Howaidi Ali, Alswailem Anwar, Hakami Abdulrhman, Hadadi Afnan, Alturki Deema, Abothenain Fayha, Alobaid Lulu, Ewain Najla Saleh, Murugan Avaniyapuram Kannan, Alzahrani Ali S
Department of Pathology and Laboratory Medicine, King Faisal Specialist Hospital and Research Centre, Riyadh 11211, Saudi Arabia.
Department of Pathology, King Fahad Medical City, Riyadh 11525, Saudi Arabia.
J Endocr Soc. 2025 Feb 24;9(4):bvaf034. doi: 10.1210/jendso/bvaf034. eCollection 2025 Mar 3.
Distant metastases (DM) are the major cause of death in patients with differentiated thyroid cancer (DTC). This study aimed to investigate the predictors of DM-associated mortality.
We identified 154 thyroid cancer (TC) patients with DM from our institution's tumor registry. We excluded anaplastic (n = 21) and medullary TC (n = 32) and patients with inadequate data (n = 15). The remaining 86 patients with DTC were studied. These include 57 females (66.3%) and 29 males (33.7%) with a median age of 53.5 years [interquartile range (IQR) 45-65]. All patients underwent thyroidectomy; 58 (67.4%) had neck dissection, and 81 (94.2%) received radioactive iodine (I-131) ablation/therapy.
Lung metastases were the most common, occurring in 91.9%; skeletal metastases occurred in 58.1%, brain metastases in 9.3%, and multiple-organ DM in 58%. The management of DM included surgery, 1 or more doses of I-131, external beam radiotherapy, and multikinase inhibitors. Over a median follow-up of 84 months (IQR 35.5-118) for the whole cohort, 47 patients succumbed to their disease (disease-specific mortality 54.7%). Factors associated with mortality were increasing age ( = .001) and bone metastases ( < .0001). These factors remained significant in multivariate analyses [for age, = .009, hazard ratio (HR) 1.030, 95% confidence interval (CI) 1.007-1.053] and for bone metastases ( = .017, HR 2.58, 95% CI 1.19-5.6).
DM from DTC are associated with ∼ 55% mortality at a median survival of 47 months. Increasing age and skeletal metastases are predictors of an increased risk of mortality.
远处转移(DM)是分化型甲状腺癌(DTC)患者死亡的主要原因。本研究旨在调查DM相关死亡率的预测因素。
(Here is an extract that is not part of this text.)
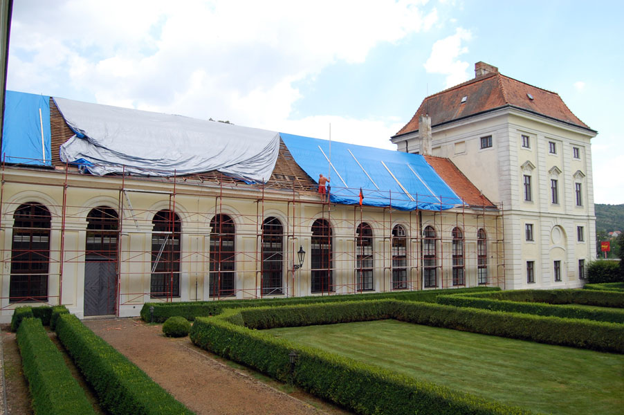 Oprava střechy zámku v Židlochovicích
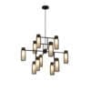 EXCALIBUR 559.23 chandelier by Tooy, designed by Corrado Dotti, exudes elegance with a subtle Art Deco inspiration. Part of a sophisticated lamp family, this suspension features a black metal body, two prismatic plexiglass diffusers, and three rectangular satin brass plates that add a touch of refinement and modernity.

我们从本机构的肿瘤登记处识别出154例患有DM的甲状腺癌(TC)患者。我们排除了未分化型(n = 21)和髓样TC(n = 32)以及数据不完整的患者(n = 15)。对其余86例DTC患者进行了研究。其中包括57名女性(66.3%)和29名男性(33.7%),中位年龄为53.5岁[四分位间距(IQR)45 - 65]。所有患者均接受了甲状腺切除术;58例(67.4%)进行了颈部清扫术,81例(94.2%)接受了放射性碘(I - 131)消融/治疗。
肺转移最为常见,发生率为91.9%;骨转移发生率为58.1%,脑转移发生率为9.3%,多器官DM发生率为58%。DM的治疗包括手术、1剂或多剂I - 131、外照射放疗和多激酶抑制剂。对整个队列进行中位84个月(IQR 35.5 - 118)的随访后,47例患者死于该病(疾病特异性死亡率54.7%)。与死亡率相关的因素是年龄增加(P = 0.001)和骨转移(P < 0.0001)。在多变量分析中,这些因素仍然具有显著性[年龄方面,P = 0.009,风险比(HR)1.030,95%置信区间(CI)1.007 - 1.053]以及骨转移方面(P = 0.017,HR 2.58,95% CI 1.19 - 5.6)。
DTC的DM在中位生存期47个月时与约55%的死亡率相关。年龄增加和骨转移是死亡率增加风险的预测因素。